[Items from a dataset]
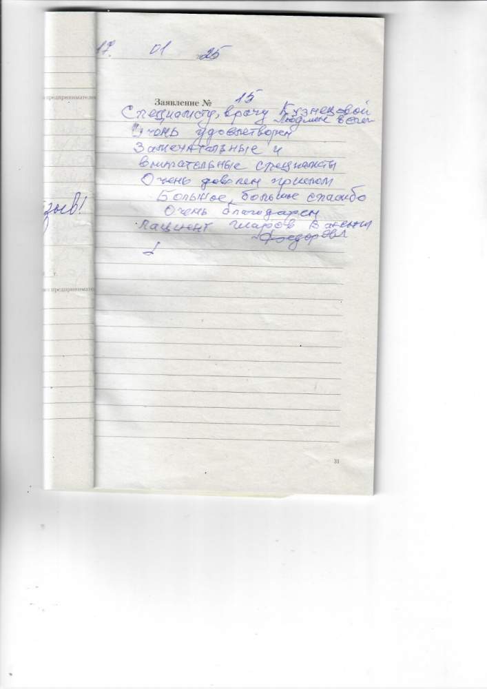 Специалисту, врачу Кузнецовой Людмиле Евгеньевне. Очень доволен. Замечательные и внимательные специалисты . Очень доволен приемом. Большое ,большое спасибо. Очень благодарен. Пациент Шаров В.Ф
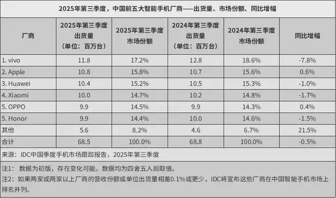 好在中国智能手机市场的竞争格局高度集中,几大头部品牌出货量差距不足 1%。IDC 今年中国前五大智能手机出货量排名中,华为与苹果的出货量差距仅为 0.2%,小米与 OPPO 的差距也不过 0.1%。
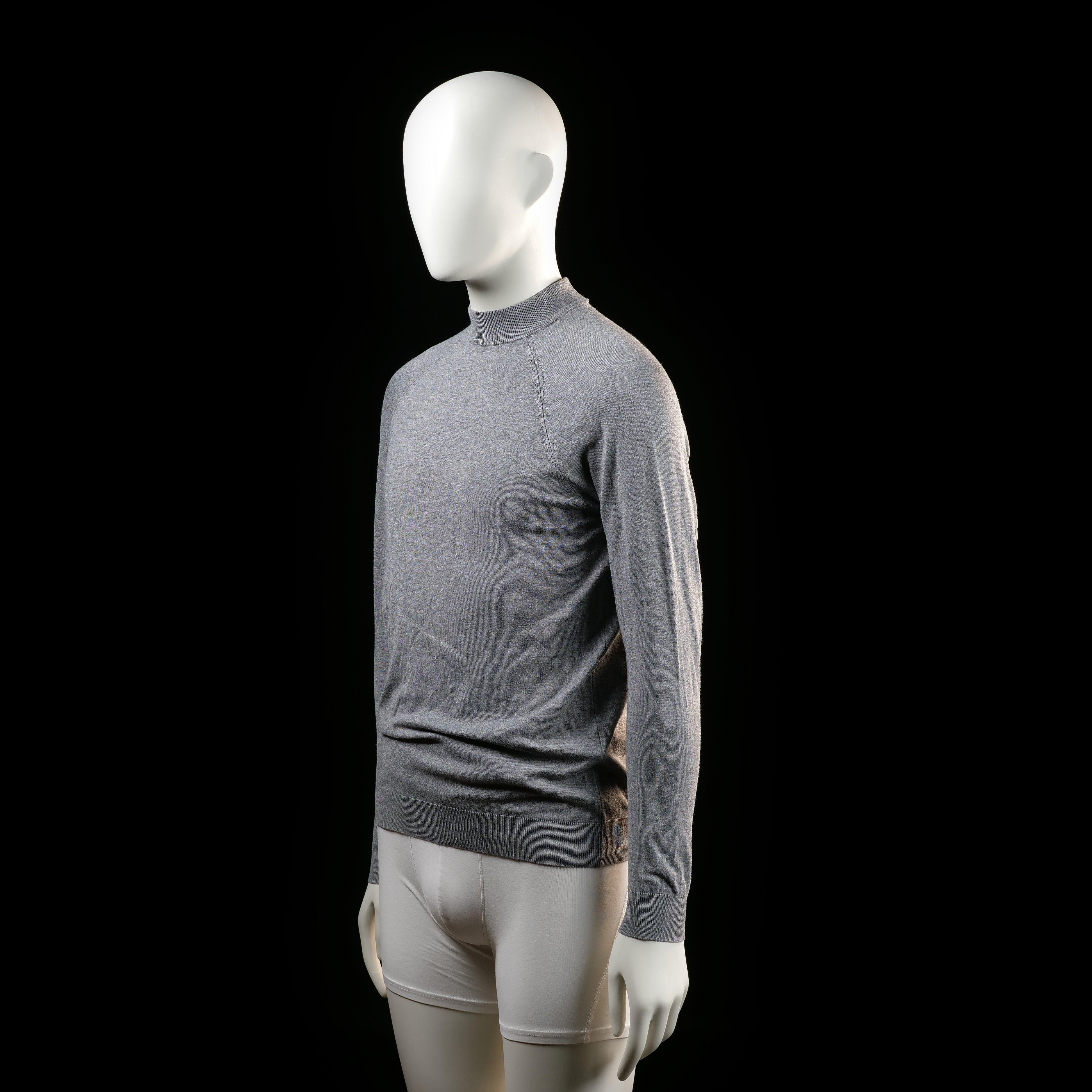 Light gray long-sleeve knit top with a mock neckline and ribbed cuffs and hem. Seam lines run diagonally from the collar to the underarms.
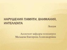 НАРУШЕНИЯ ПАМЯТИ ВНИМАНИЯ ИНТЕЛЛЕКТА Лекция Ассистент кафедры психиатрии
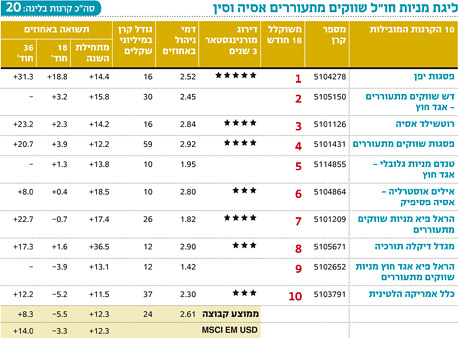 הקטגוריה סבלה בשלושת החודשים האחרונים מפדיונות של 41 מיליון שקל וכעת היא מנהלת 476 מיליון שקל. מבחינת המשקיעים ייתכן שמדובר בפספוס שכן למרות שהתשואה ב־18 החודשים האחרונים היא שלילית (-5.5%), מתחילת השנה הציגו הקרנות תשואה ממוצעת של 12.3% - בדומה למדד הייחוס MSCI EM.
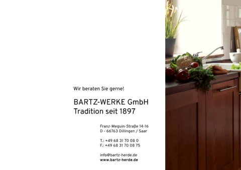 Wir beraten Sie gerne! BARTZ-WERKE GmbH Tradition seit 1897 Franz-Meguin-Straße 14-16 D - 66763 Dillingen / Saar T.: +49 68 31 70 08 0 F.: +49 68 31 70 08 75 info@bartz-herde.de www.bartz-herde.de
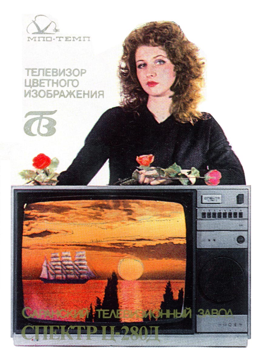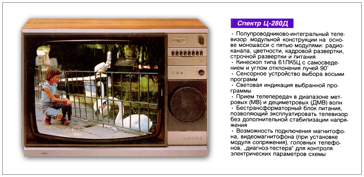 Цветной телевизор *Спектр Ц-280Д* с 1985 года выпускал Саранский телевизионный завод. Цветной унифицированный полупроводниково-интегральный модульный стационарный телевизор **Спектр Ц-280Д** предназначен для приёма программ в МВ и ДМВ диапазоне. В модели имеется ряд автоматических регулировок, обеспечивающих качественное изображение. Выбор любой из восьми программ осуществляется сенсорным переключателем. Применён импульсный источник питания и новая элементная база, позволившие уменьшить габариты, массу и потребляемую мощность. Установлен цветной масочный кинескоп 61ЛК5Ц с углом отклонения лучей 90° с самосведением, сенсорный переключатель программ, селекторы каналов МВ и ДМВ диапазона, световая индикация включенного канала. Предусмотрено подключения магнитофона для записи звукового сопровождения, видеомагнитофона (при установке модуля сопряжения), прослушивания звука на головные телефоны, подключения «диагноз-тестера» для контроля неисправности модулей. Размер изображения на экране - 362х482 мм. Чувствительность в диапазонах МВ - 55, ДМВ - 90 мкВ. Диапазон воспроизводимых частот 80...12500 Гц. Номинальная выходная мощность 2,5 Вт. Потребляемая мощность 80 Вт. Габариты телевизора - 500х745х550 мм. Масса - 32 кг. Цена 755 рублей. Телевизор *Спектр Ц-280Д*, кроме наименования полный аналог телевизора *ТЕМП Ц-280/Д* Московского ПО *Темп*, в том числе и по своему внешнему оформлению за исключением того что он работает в МВ и ДМВ диапазоне, тогда как *Темп Ц-280/Д* выпускался с МВ или с МВ и ДМВ диапазонами.

▶ [What is being asked] Copy nothing but the lines above from the one with "Light gray long-sleeve" to the one with "Wir beraten Sie", inclusive, word for word. Leave every picture out.

▶ [Reply to the task]
 Light gray long-sleeve knit top with a mock neckline and ribbed cuffs and hem. Seam lines run diagonally from the collar to the underarms.
 НАРУШЕНИЯ ПАМЯТИ ВНИМАНИЯ ИНТЕЛЛЕКТА Лекция Ассистент кафедры психиатрии
 הקטגוריה סבלה בשלושת החודשים האחרונים מפדיונות של 41 מיליון שקל וכעת היא מנהלת 476 מיליון שקל. מבחינת המשקיעים ייתכן שמדובר בפספוס שכן למרות שהתשואה ב־18 החודשים האחרונים היא שלילית (-5.5%), מתחילת השנה הציגו הקרנות תשואה ממוצעת של 12.3% - בדומה למדד הייחוס MSCI EM.
 Wir beraten Sie gerne! BARTZ-WERKE GmbH Tradition seit 1897 Franz-Meguin-Straße 14-16 D - 66763 Dillingen / Saar T.: +49 68 31 70 08 0 F.: +49 68 31 70 08 75 info@bartz-herde.de www.bartz-herde.de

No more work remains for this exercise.